▸ GIVEN INFORMATION
____________

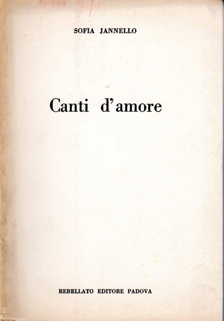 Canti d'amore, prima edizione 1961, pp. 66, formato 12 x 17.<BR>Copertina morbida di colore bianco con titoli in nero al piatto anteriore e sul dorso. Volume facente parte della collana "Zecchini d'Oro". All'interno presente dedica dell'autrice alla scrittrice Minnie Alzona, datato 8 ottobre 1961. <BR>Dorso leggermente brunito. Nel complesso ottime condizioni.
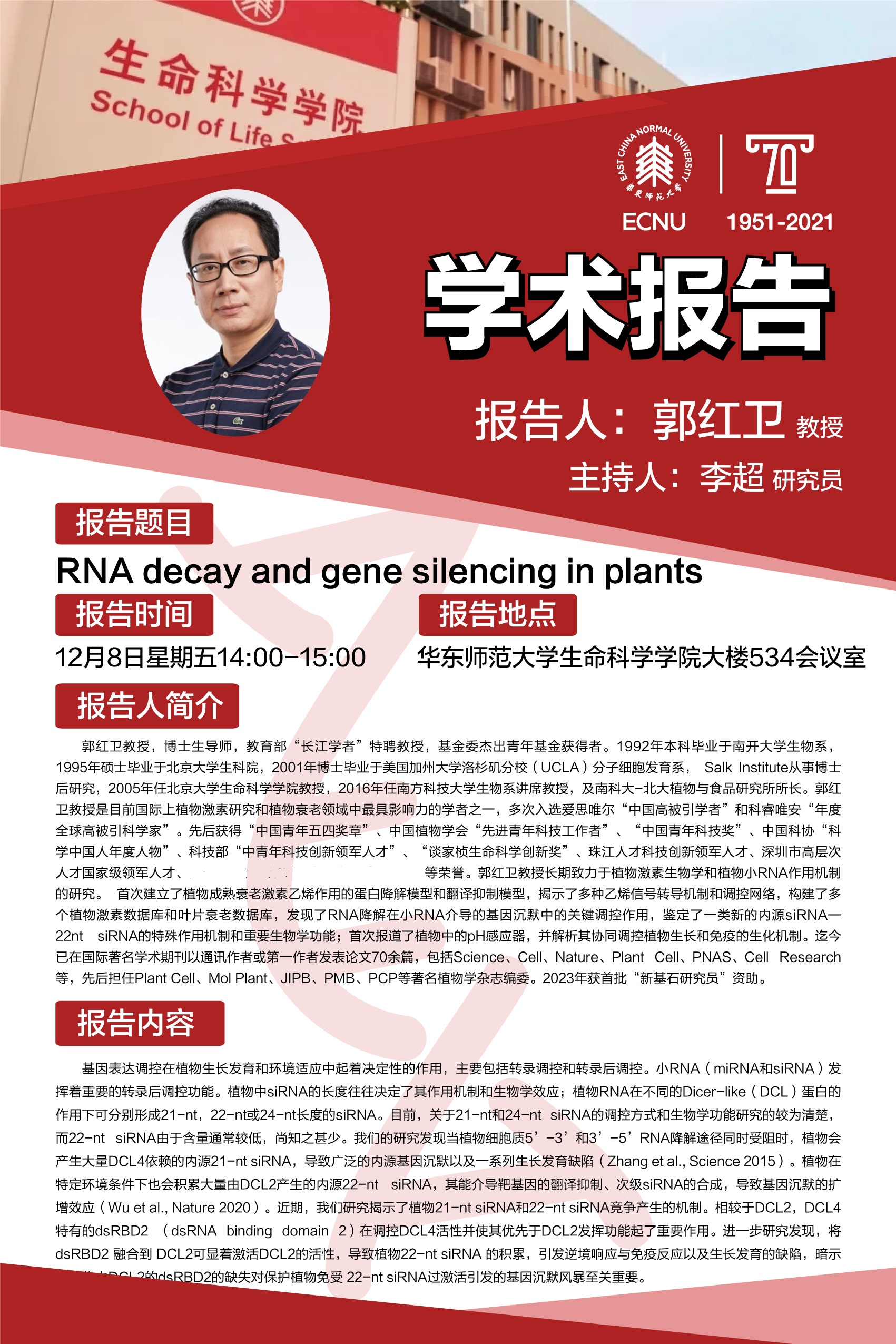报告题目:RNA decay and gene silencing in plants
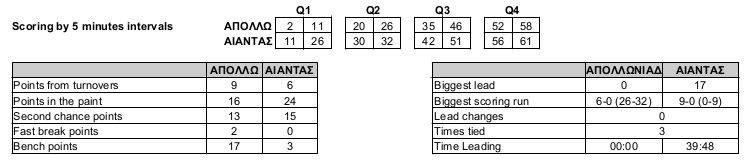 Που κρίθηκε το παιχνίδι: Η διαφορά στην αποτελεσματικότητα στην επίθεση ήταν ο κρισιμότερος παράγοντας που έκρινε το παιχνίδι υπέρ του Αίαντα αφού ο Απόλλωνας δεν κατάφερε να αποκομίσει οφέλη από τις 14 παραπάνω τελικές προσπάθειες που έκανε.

____________

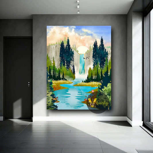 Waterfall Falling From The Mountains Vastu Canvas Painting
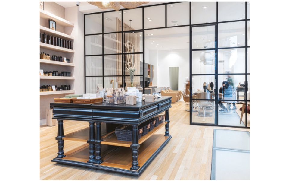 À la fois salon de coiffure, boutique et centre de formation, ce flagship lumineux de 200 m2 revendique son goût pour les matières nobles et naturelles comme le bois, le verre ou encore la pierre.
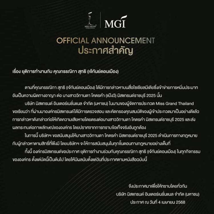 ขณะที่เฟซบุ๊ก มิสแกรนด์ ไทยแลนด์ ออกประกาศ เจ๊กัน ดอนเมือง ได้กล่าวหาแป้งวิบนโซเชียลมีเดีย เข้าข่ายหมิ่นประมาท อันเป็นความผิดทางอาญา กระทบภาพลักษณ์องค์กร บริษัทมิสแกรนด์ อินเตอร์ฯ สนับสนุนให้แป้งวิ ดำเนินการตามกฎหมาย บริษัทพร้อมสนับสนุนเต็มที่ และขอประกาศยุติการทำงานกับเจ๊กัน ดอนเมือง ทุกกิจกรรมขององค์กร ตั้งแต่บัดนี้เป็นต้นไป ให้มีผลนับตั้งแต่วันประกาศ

____________

▸ WHAT THE TASK REQUIRES
Repeat, without pictures, exactly the lines of the data above from the one containing "Waterfall Falling From" through the one containing "ขณะที่เฟซบุ๊ก มิสแกรนด์ ไทยแลนด์", including both and adding nothing.

▸ RESULT FOR THIS EXERCISE
 Waterfall Falling From The Mountains Vastu Canvas Painting
 À la fois salon de coiffure, boutique et centre de formation, ce flagship lumineux de 200 m2 revendique son goût pour les matières nobles et naturelles comme le bois, le verre ou encore la pierre.
 ขณะที่เฟซบุ๊ก มิสแกรนด์ ไทยแลนด์ ออกประกาศ เจ๊กัน ดอนเมือง ได้กล่าวหาแป้งวิบนโซเชียลมีเดีย เข้าข่ายหมิ่นประมาท อันเป็นความผิดทางอาญา กระทบภาพลักษณ์องค์กร บริษัทมิสแกรนด์ อินเตอร์ฯ สนับสนุนให้แป้งวิ ดำเนินการตามกฎหมาย บริษัทพร้อมสนับสนุนเต็มที่ และขอประกาศยุติการทำงานกับเจ๊กัน ดอนเมือง ทุกกิจกรรมขององค์กร ตั้งแต่บัดนี้เป็นต้นไป ให้มีผลนับตั้งแต่วันประกาศ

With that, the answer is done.